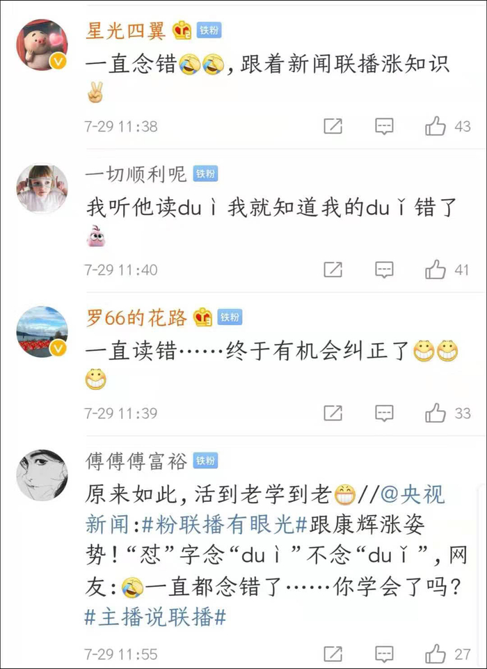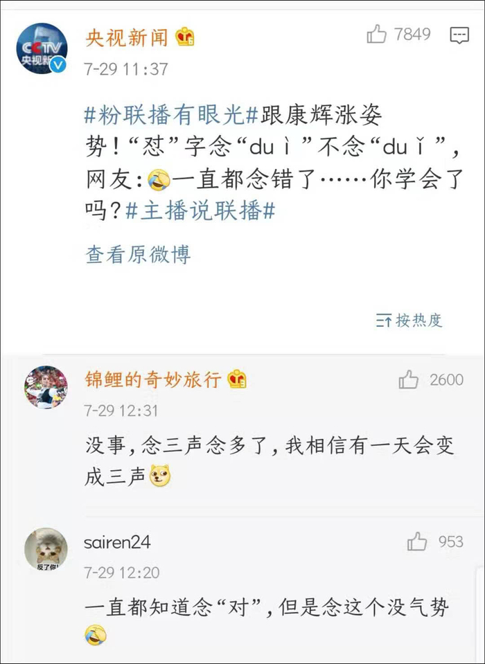 而刚刚,央视新闻官方微博也在评论区做出回应,真的念duì啊,你学会了吗……
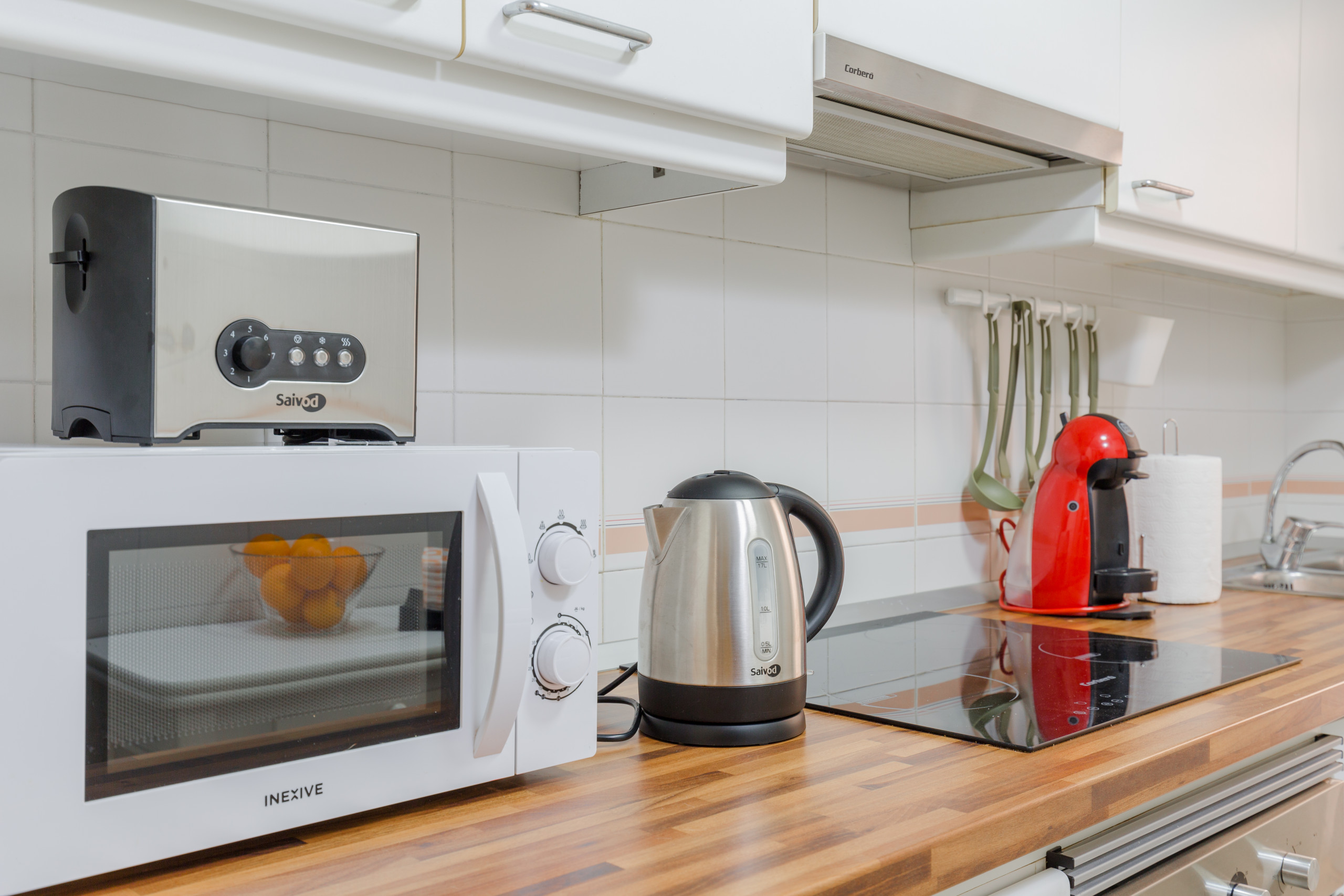 The independent kitchen, of vitroceramic, is equipped with refrigerator, microwave, oven, freezer, washing machine, dryer, kitchen utensils, coffee machine, toaster, kettle and juicer.
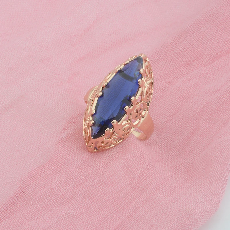 FJ женское кольцо с синим камнем шириной 7 мм, розовое Смешанное бе...
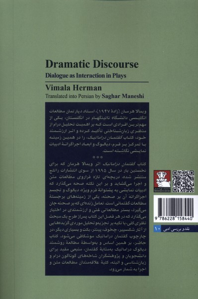 «گفتمان دراماتیک» کتابی نوشته ویمالا هرمن، نویسنده آمریکایی است. این اثر در دسته ادبیات آموزشی قرار می گیرد و موضوع آن درباره هنر تئاتر است. «گفتمان دراماتیک» کتابی است که بر دیالوگ نویسی در تئاتر تمرکز دارد و به نمایشنامه نویسان و علاقمندان به تئاتر راهکارهایی را برای نوشتن گفت و گوهای سازنده در نمایشنامه آموزش می دهد. این کتاب که نخستین بار در سال 1995 چاپ شد، اثری آموزشی است که برای دانشجویان کارشناسی و کارشناسی ارشد که در زمینه های زبان شناسی و سبک شناسی ادبی تحصیل می کنند، مناسب است. با این حال «گفتمان دراماتیک» می تواند برای علاقمندان به مطالعه در زمینه تئاتر و رابطه بین متن نمایشی و اجرا نیز راهگشا باشد. هر فصل کتاب «گفتمان دراماتیک» شامل یک بخش نظری است که در آن مفاهیم اصلی ارائه می شود. نویسنده در ادامه به تحلیل و بررسی مفاهیم مورد نظر پرداخته و سپس ارتباط میان موضوعات با گفتمان نمایشی را شرح می دهد. در «گفتمان دراماتیک» روش هایی ارائه شده که براساس آن ها نمایشنامه نویسان و کارگردانان تئاتر می آموزند چگونه ایده هایی را که از زندگی دریافت کرده اند به گفتمانی نمایشی تبدیل کنند. همچنین در این کتاب نکاتی درباره ارتباط میان زبان و ذهنیت وجود دارد که در نوشتن دیالوگ های تعاملی برای اجرا روی صحنه کاربرد دارد. این کتاب که مطالعه ای درباره گفتمان تعاملی در تئاتر است براساس نظریه های علمی-تئاتری شکل گرفته است. نویسنده در «گفتمان دراماتیک» مدل های زبانی پنهان در گفت و گو را شرح داده و استدلال می کند که درام به دلیل ویژگی های فرمی، دیالوگ و ترجمه به زبان های دیگر و در نهایت به اجرا درآمدن، باید مورد توجه ویژه زبان شناسان قرار گیرد. نویسنده بر این باور است که تعاملی که روی صحنه تئاتر رخ می دهد، منبعی مهم برای تحلیل زبانشناسی است و محققان می توانند اجراهای تئاتر را به دلیل گفتمان های تعاملی که در آن شکل گرفته مورد مطالعه قرار دهند.
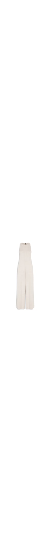 O macacão bege é confeccionado em malha com toque de linho e média elasticidade. A peça solta ao corpo possui decote frontal redondo, cavas estendidas, recorte posterior vazado, comprimento longo e fechamento posterior por zíper com puxador em gorgurão com o nome da marca em baixo-relevo.
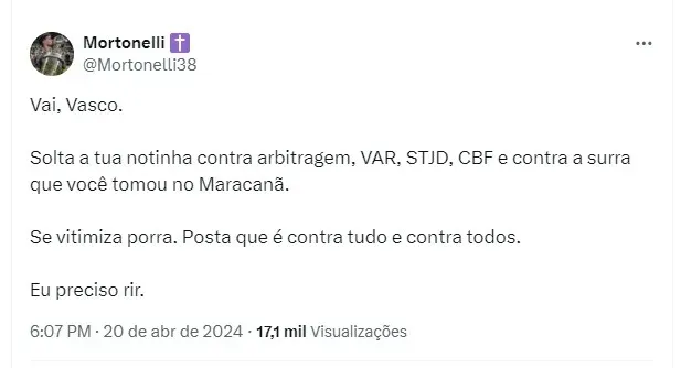 Eu preciso rir”, afirmou o torcedor Mortinelli após o clássico no X.
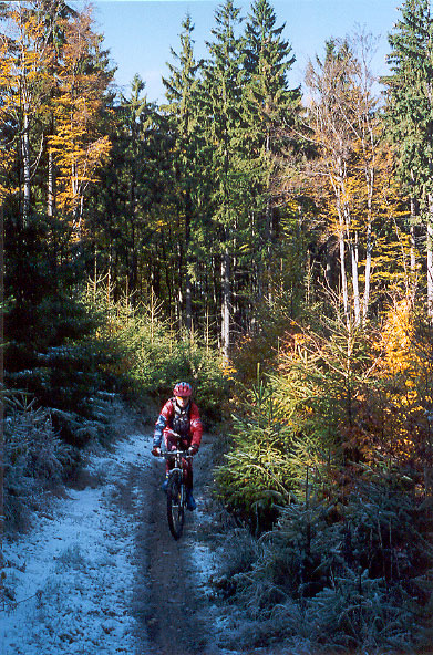 Z Vsetína startujeme kolem 9:30 za slunečného a studeného počasí. Ráno jsem doma na teploměru odečetl –3°C, ale na prvním kilometru, už je příjemněji.
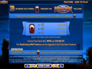 You can retrigger the free spins as you play through the initial batch, plus you will win bigger prizes, since a 2x multiplier is applied to the wins.
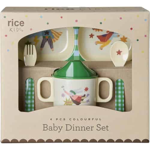 Rice Melamin spisesett for baby i gaveeske "Hero" grønn - Sett med 4 deler
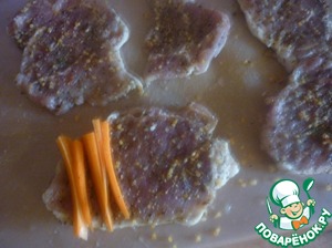 Морковь нарезать на полоски-палочки. На каждый кусок свинины положить несколько кусочков моркови, завернуть и уложить в жаропрочную ёмкость.
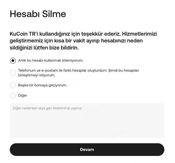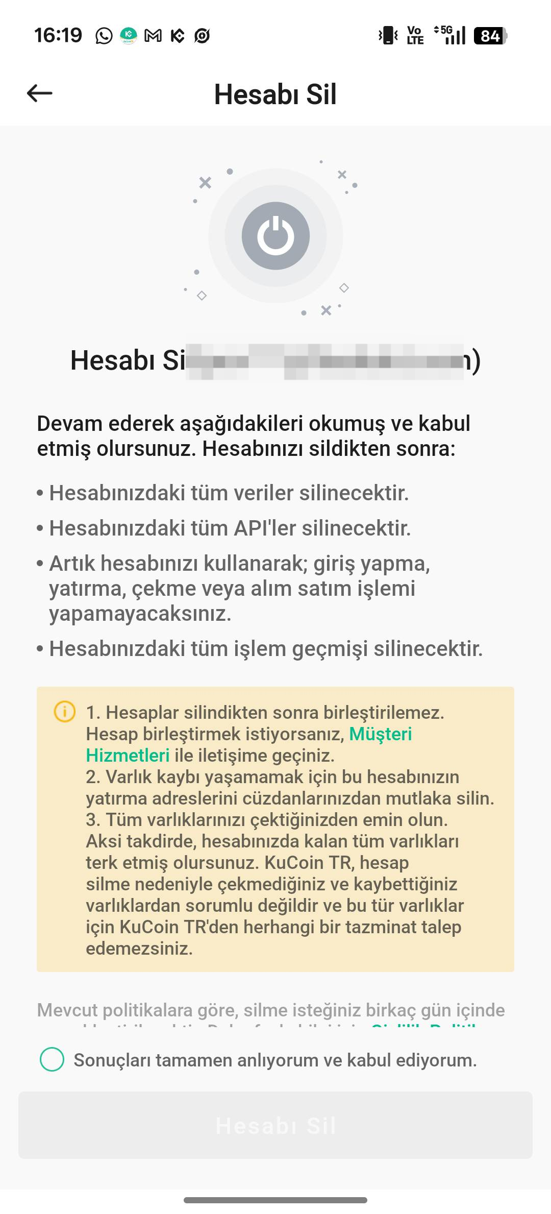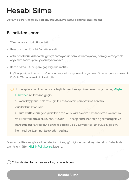 If you would like further information on disabling or deleting your KuCoin account, please reach out to the KuCoin TR Support https://www.kucoin.tr/en/support
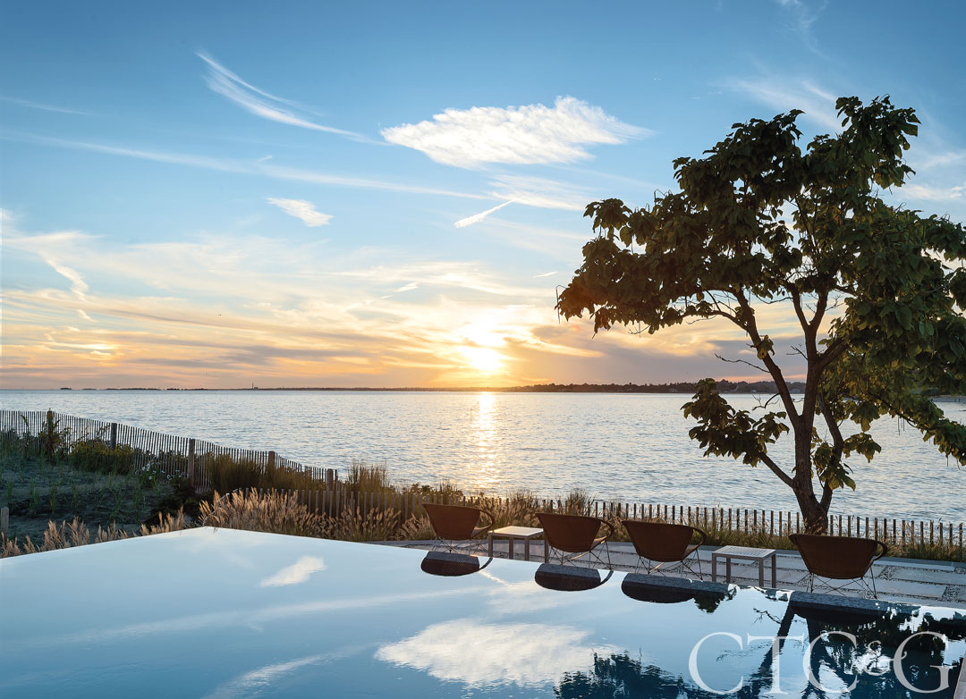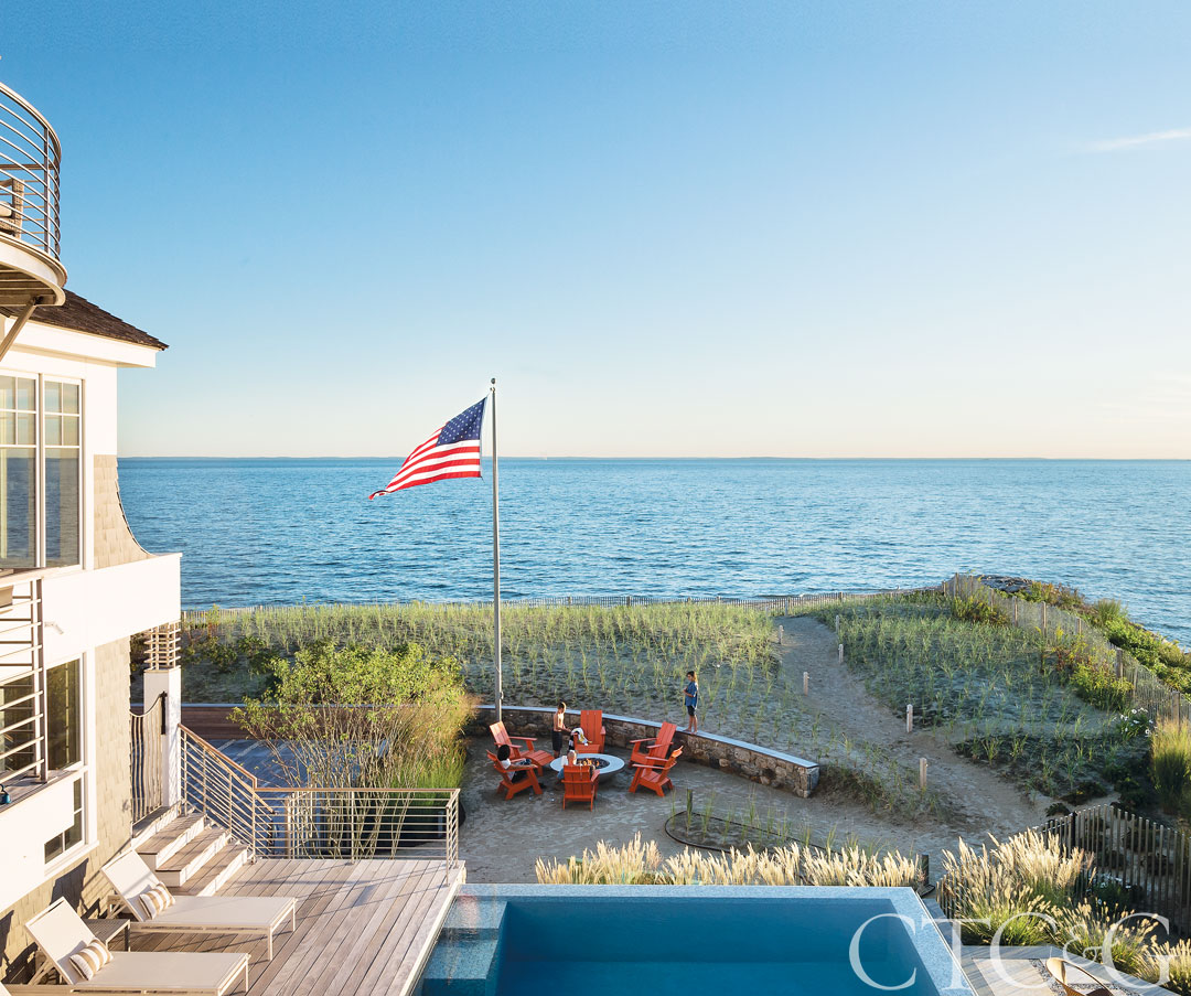 Architecture, Pagliaro Bartels Sajda Architects. Pool, Drakeley Pool Company. Masonry and plantings (throughout), Freddy’s Landscape Company. Engineer, Roberge Associates Coastal Engineers. Chairs, side table, chaise lounges, lounge chairs and coffee table, Janus et Cie. Adirondack chairs, Loll, through Design Within Reach. Fire pit, Concreteworks. Planters, DeepStream Designs. Umbrella, Tuuci.
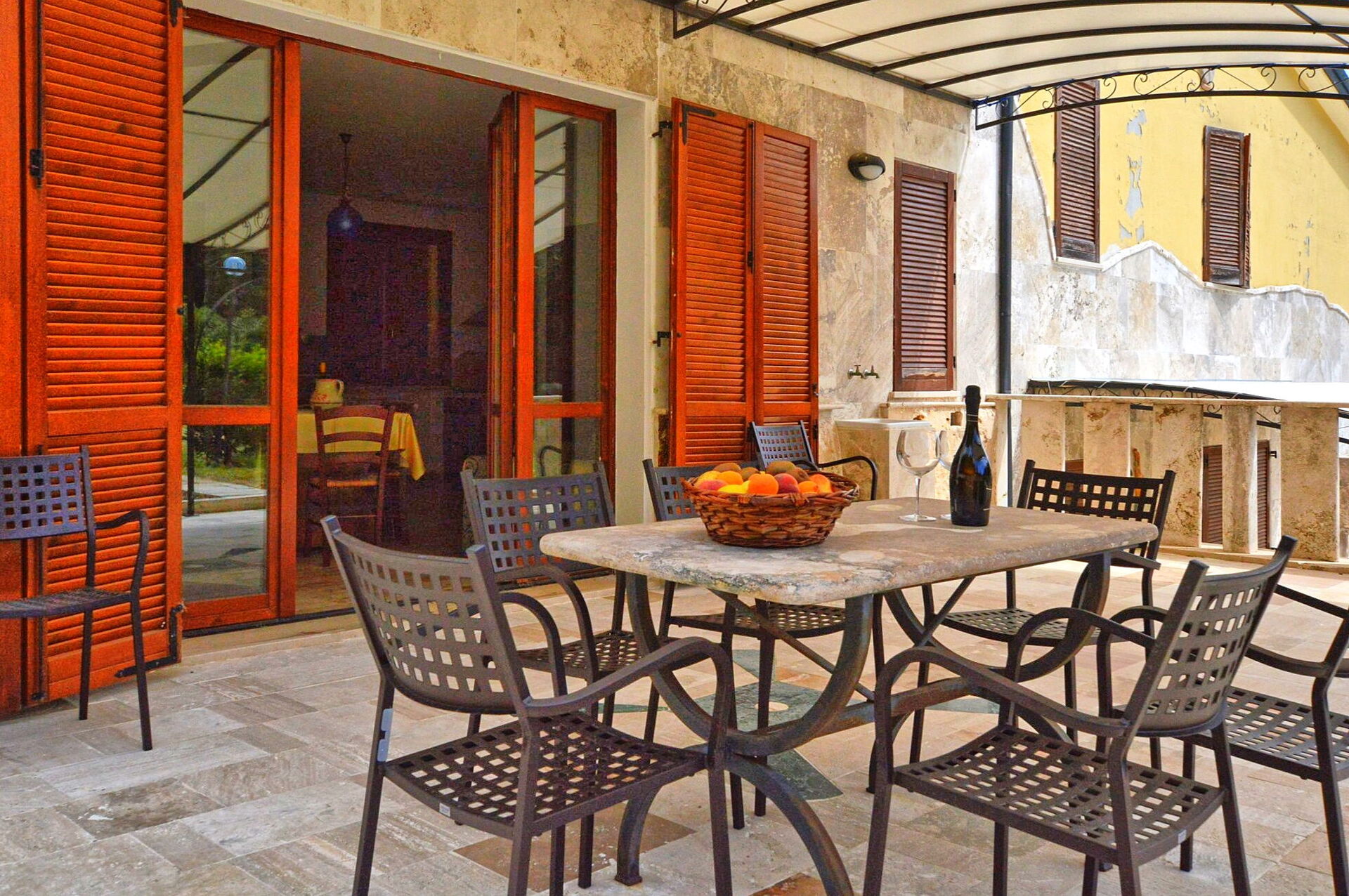 Privé, gemeubileerde buitenruimte met tafel en stoelen.
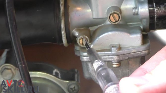 Теперь при помощи отвертки с прямой насадкой откручиваются жиклеры, болт регулировки холостого хода и винт качества смеси.

########

→ **Problem statement**
Starting at the line that contains "Architecture, Pagliaro Bartels", please write out every line to the end of the entries, inclusive, copied exactly and with pictures omitted.

→ **Expected output**
 Architecture, Pagliaro Bartels Sajda Architects. Pool, Drakeley Pool Company. Masonry and plantings (throughout), Freddy’s Landscape Company. Engineer, Roberge Associates Coastal Engineers. Chairs, side table, chaise lounges, lounge chairs and coffee table, Janus et Cie. Adirondack chairs, Loll, through Design Within Reach. Fire pit, Concreteworks. Planters, DeepStream Designs. Umbrella, Tuuci.
 Privé, gemeubileerde buitenruimte met tafel en stoelen.
 Теперь при помощи отвертки с прямой насадкой откручиваются жиклеры, болт регулировки холостого хода и винт качества смеси.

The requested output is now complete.